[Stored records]

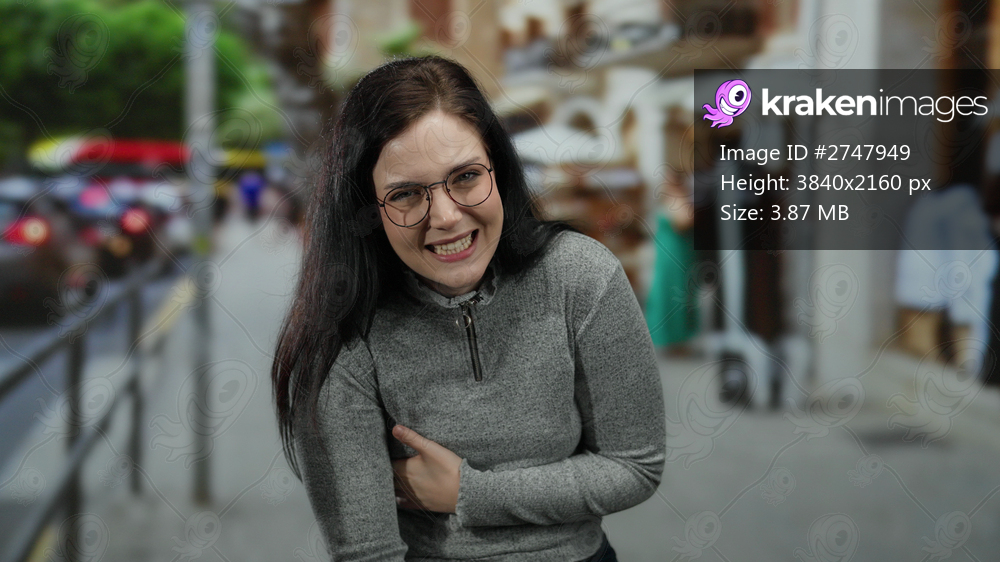 Woman with glasses smiling on a busy street wearing grey sweater surrounded by urban traffic and cityscapes outdoors during daytime
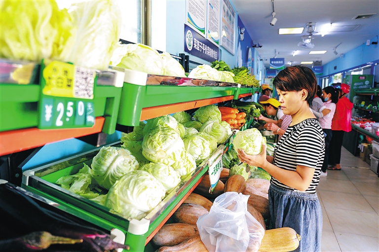 9月7日,海口市美兰区白龙南路,在海口社区菜篮子平价菜店琼苑店,工作人员摆放平价蔬菜(见上图),市民在选购蔬菜(见右图)。
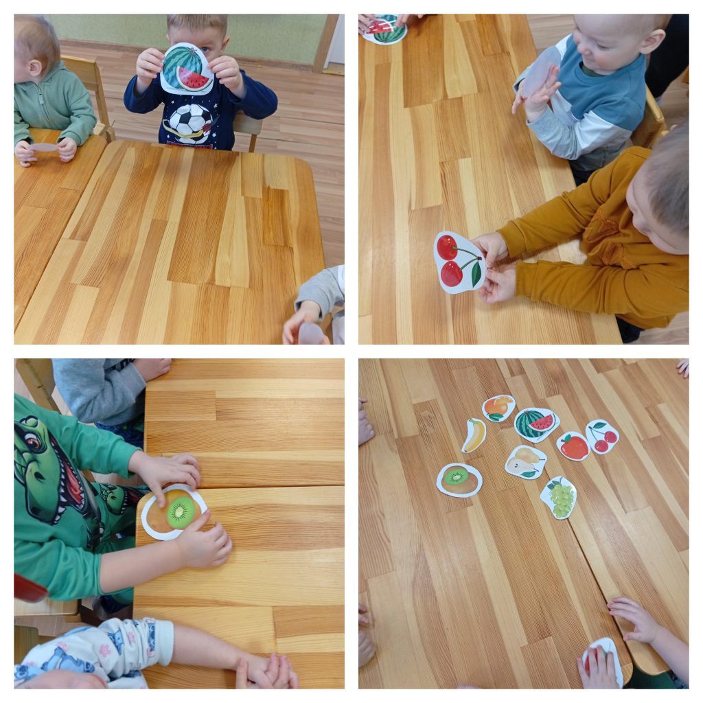 Užsiėmimo metu vaikai susipažino su įvairiais vaisiais, išmoko jų pavadinimus, sužinojo kiekvieno vaisiaus naudą žmogui. Didelį vaikų susidomėjimą sukėlė kortelės su pavaizduotais vaisiais. Apžiūrėję korteles ir išgirdę klausimą, vaikai turėjo surasti tinkamą atsakymą.
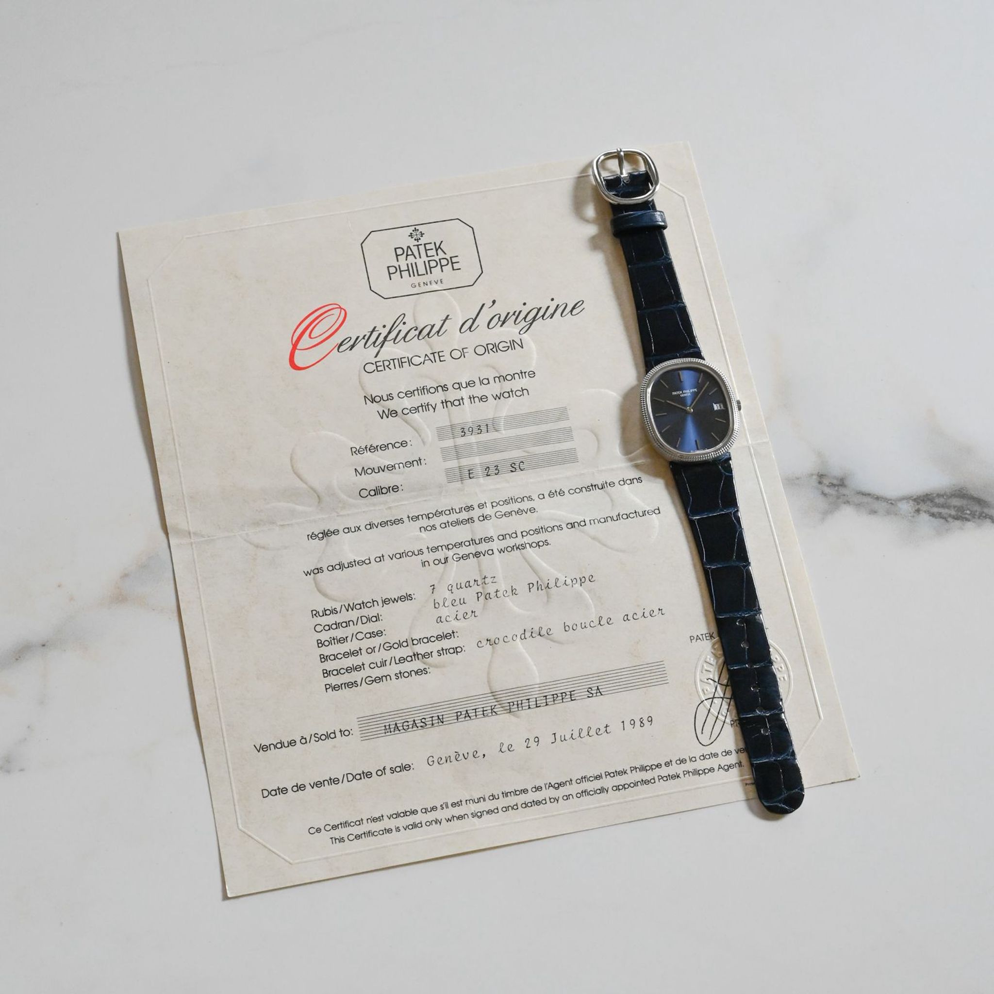 The watch comes with its Patek Philippe certificate of origin (dated 1989 in Geneva).
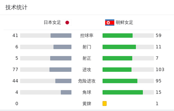 最终全场比赛结束,日本女足4-1朝鲜女足。
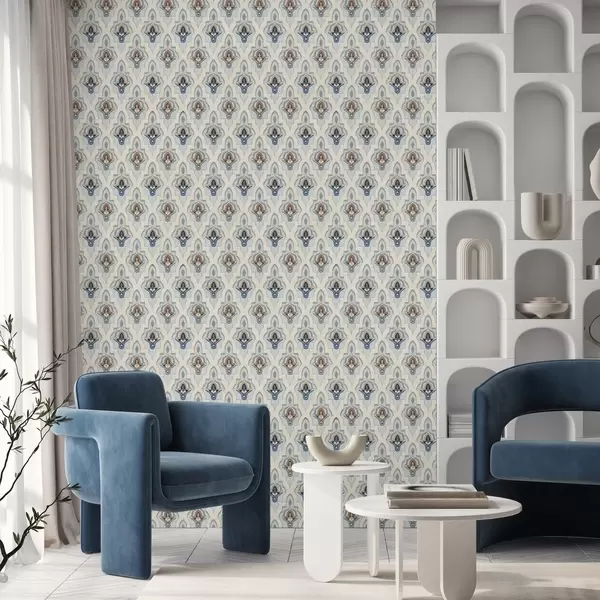 Tapet Orientalsk mønster av små fliser i en blå-sand-palett Nr. a01044
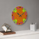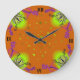 Hearts with Flowers and Butterfly in Tattoo Style Large Clock
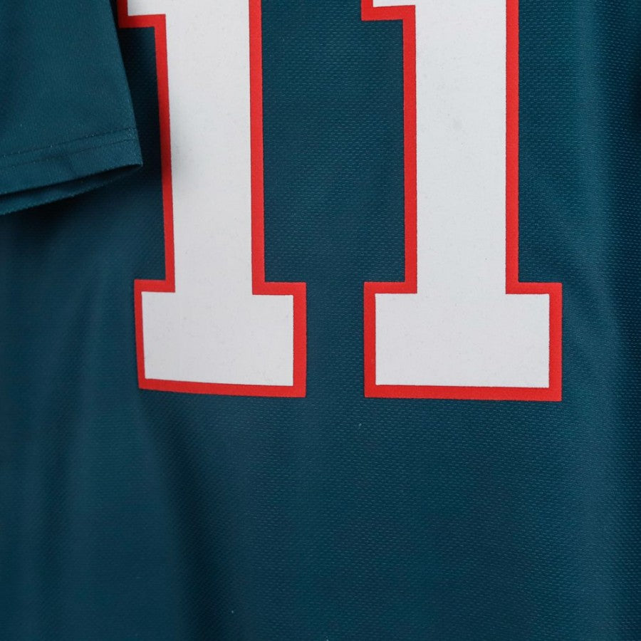 Official away jersey of the Wales national team for the 1995/1996 season, crafted by technical sponsor Umbro. This jersey stands out with its unique design featuring a dark green base with white and red curved graphic elements across the front, giving it a modern and striking look. The Welsh Football Association crest is stitched on the chest, alongside the Umbro logo in white. On the back, the personalization displays the name "Giggs" and number 11 in white with a red outline, a tribute to the iconic player Ryan Giggs. Size XL.
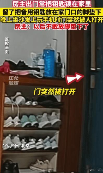 北京,女子把备用钥匙放家门口脚垫下。她晚上坐沙发上时,突然门被打开。女子: 太危险了,以后不敢放脚垫下了。 麻烦各位读者点一下右上角的“关注”,留下您的精彩评论与大家一同探讨,感谢您的强烈支持! 傍晚时分,北京的王女士(化姓)正坐在客厅沙发上看手机,家里的门却毫无征兆地被推开,一位老人探进头来,开口询问是否要卖房。 这突如其来的一幕让王女士心头一紧,待问清缘由才知道,老人竟是从门口脚垫下拿到了自家的备用钥匙,误把这里当成了待售房源。 原来,王女士一家图方便,习惯把备用钥匙藏在门口脚垫下,觉得“随手能拿到,还不显眼”。 可这次,来附近看房的老人路过时,无意间发现了脚垫下的钥匙,以为是待售房屋留的看房钥匙,便试着打开了门。 直到王女士追问“您怎么能开我家的门”,老人才恍然大悟,连忙道歉,称是一时疏忽弄错了房源,随后匆匆离开。 王女士和随后从厨房出来的丈夫后怕不已:“幸好这次是老人误拿,要是别有用心的人,后果不堪设想!” 生活里,很多人都像王女士这样,把备用钥匙藏在脚垫下、门框缝隙里,或是消防栓旁,觉得“别人想不到”,可这些地方早已是大家默认的“藏钥匙点”,容易被误拿。 其实,备用钥匙的存放,安全永远该放在第一位。要是担心忘带钥匙,完全有更稳妥的办法:可以把备用钥匙交给信任的邻居或亲戚,需要时随时联系取用。 嫌麻烦的话,装一套密码锁或指纹锁也很方便,不用再费心藏钥匙,出门连钥匙都不用带,既省心又安全。 家是我们最安心的港湾,安全从不能图一时省事。王女士的这场虚惊,虽没造成实际损失,却像个实用的“安全提醒”。 多一分细心,少一分侥幸,把备用钥匙存对地方,才能真正守住家的安心,这比任何“方便”都重要。 那么你们怎么看待这件事呢?欢迎在评论区说说你们的看法吧! 信源: 江北融媒
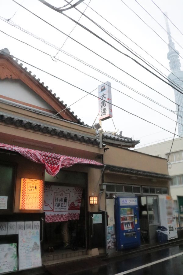 押上駅から歩いて5分ほど、街中に立つ銭湯「大黒湯」。ここが『銭湯くまモン』の会場です。この日は残念ながら雨模様でしたが、それでもスカイツリーが間近に見えました。

= Task details =
Look above for the line with "最终全场比赛结束,日本女足4-1朝鲜女足。" and the line with "Hearts with Flowers", then copy exactly the lines from the first through the second, both kept, with no pictures.

= Exercise answer =
 最终全场比赛结束,日本女足4-1朝鲜女足。
 Tapet Orientalsk mønster av små fliser i en blå-sand-palett Nr. a01044
 Hearts with Flowers and Butterfly in Tattoo Style Large Clock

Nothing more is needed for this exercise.